Item 3.03Material Modification to Rights of Security Holders.
To the extent required by Item 3.03 of Form 8-K, the information regarding the Reverse Stock Split (as defined below) contained in Item 5.03 of this Current Report on Form 8-K is incorporated by reference herein.
Item 5.02 Departure of Directors or Certain Officers; Election of Directors; Appointment of Certain Officers; Compensatory Arrangements of Certain Officers.
At the Company’s 2023 annual meeting of stockholders (the “Annual Meeting”) held on November 27, 2023, the stockholders of iBio, Inc., a Delaware corporation (the “Company”), approved the iBio, Inc. 2023 Omnibus Incentive Plan (the “2023 Plan”). A summary of the material terms of the 2023 Plan is incorporated herein by reference from pages 41-48 of the Company’s definitive proxy statement on Schedule 14A for the Annual Meeting (the “Definitive Proxy Statement”), which was filed with the Securities and Exchange Commission on October 26, 2023. The summary of the 2023 Plan included in the Definitive Proxy Statement is not intended to be complete and is qualified in its entirety by reference to the 2023 Plan. The 2023 Plan is attached as Exhibit 10.1 to this Current Report on Form 8-K.
Item 5.03.Amendments to Articles of Incorporation or Bylaws; Change in Fiscal Year.
Reverse Split
On November 27, 2023, the Company approved a proposal at the Annual Meeting to amend the Company’s Certificate of Incorporation (the “Certificate of Incorporation”) to effect a reverse stock split of the Company’s common stock, par value $0.001 per share (the “Common Stock”), at a ratio between 1-for-5 to 1-for-20, with the ratio within such range to be determined at the discretion of the Company’s Board of Directors (the “Board”), without reducing the authorized number of shares of Common Stock. Following the Annual Meeting, the Board approved a final split ratio of 1-for-20 (1:20). Following such approval, on November 28, 2023, the Company filed an amendment to the Certificate of Incorporation (the “Amendment”) with the Secretary of State of the State of Delaware to effect the reverse stock split, with an effective time of 12:01 a.m. Eastern Time on November 29, 2023 (the “Reverse Stock Split”).
Split Adjustment; Treatment of Fractional Shares
As a result of the 1:20 Reverse Stock Split, each twenty (20) pre-split shares of Common Stock outstanding will automatically combine into one (1) new share of Common Stock without any action on the part of the holders, and the number of outstanding shares Common Stock will be reduced from 28,100,733 shares to 1,405,036 shares (subject to rounding of fractional shares, which will be paid in cash). Proportional adjustments will also be made to the number of shares of Common Stock issuable upon exercise or conversion of the Company’s outstanding equity awards and warrants, as well as the applicable exercise price.

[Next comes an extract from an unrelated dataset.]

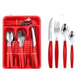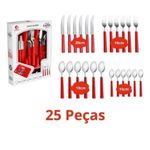 Kit 25 Peças Jogo De Talheres De Mesa Plástico E Aço Inox VermelhoEscolha perfeita para quem busca aliar praticidade, durabilidade e um toque de cor à rotina na cozinha ou na mesa de jantar. Composto por 25 peças de alta qualidade, o conjunto inclui 6 facas com serrilha eficiente, 6 garfos com excelente acabamento, 6 colheres de mesa ideais para refeições , 6 colheres de chá perfeitas para sobremesas e bebidas, além de uma bandeja organizadora que facilita o armazenamento e mantém tudo em ordem.Os talheres possuem cabos ergonômicos na cor vermelha, que proporcionam firmeza e conforto durante o uso, além de um visual moderno e vibrante que combina com qualquer tipo de decoração. Fabricados com materiais resistentes e duráveis, são ideais tanto para uso doméstico quanto para restaurantes, bares, lanchonetes ou qualquer ambiente que exija praticidade sem abrir mão da elegância. Com o Jogo de Talheres, suas refeições ganham mais estilo, funcionalidade e organização. Garanta já o seu e transforme sua experiência à mesa!Itens Inclusos:-06 Faca-06 Garfo-06 Colher Mesa-06 Colher de Sobremesa-01 BandejaEspecificações:Dimensões:Faca: 20cm altura x 1,5cm diâmetroGarfo: 18,5cm altura x 2,5cm diâmetroColher de Mesa: 18cm altura x 4cm diâmetroColher de Sobremesa: 14,5cm altura x 3cm diâmetroBandeja: 4cm altura x 4cm largura x 20cm comprimentoComposição: Plástico e Aço InoxPeso: 558gCor: VermelhoContém:01 Jogo de Talheres 25 Peças - Vermelh0

No fractional shares will be issued in connection with the Reverse Stock Split. In lieu of fractional shares, any person who would otherwise be entitled to a fractional share of Common Stock as a result of the reclassification and combination following the effective time of the Reverse Stock Split (after taking into account all fractional shares of Common Stock otherwise issuable to such holder) shall be entitled to receive a cash payment equal to the number of shares of the Common Stock held by such stockholder before the Reverse Stock Split that would otherwise have been exchanged for such fractional share interest multiplied by the average closing sales price of the Common Stock as reported on the NYSE American for the ten days preceding November 29, 2023. Holders of as many as nineteen (19) shares of Common Stock would be eliminated as a result of the cash payment in lieu of any issuance of fractional shares or interests in connection with the Reverse Stock Split.
Trading Symbol; New CUSIP
After the Reverse Stock Split, the trading symbol for the Common Stock will continue to be “IBIO.” The new CUSIP number for the Common Stock following the Reverse Stock Split is 451033708.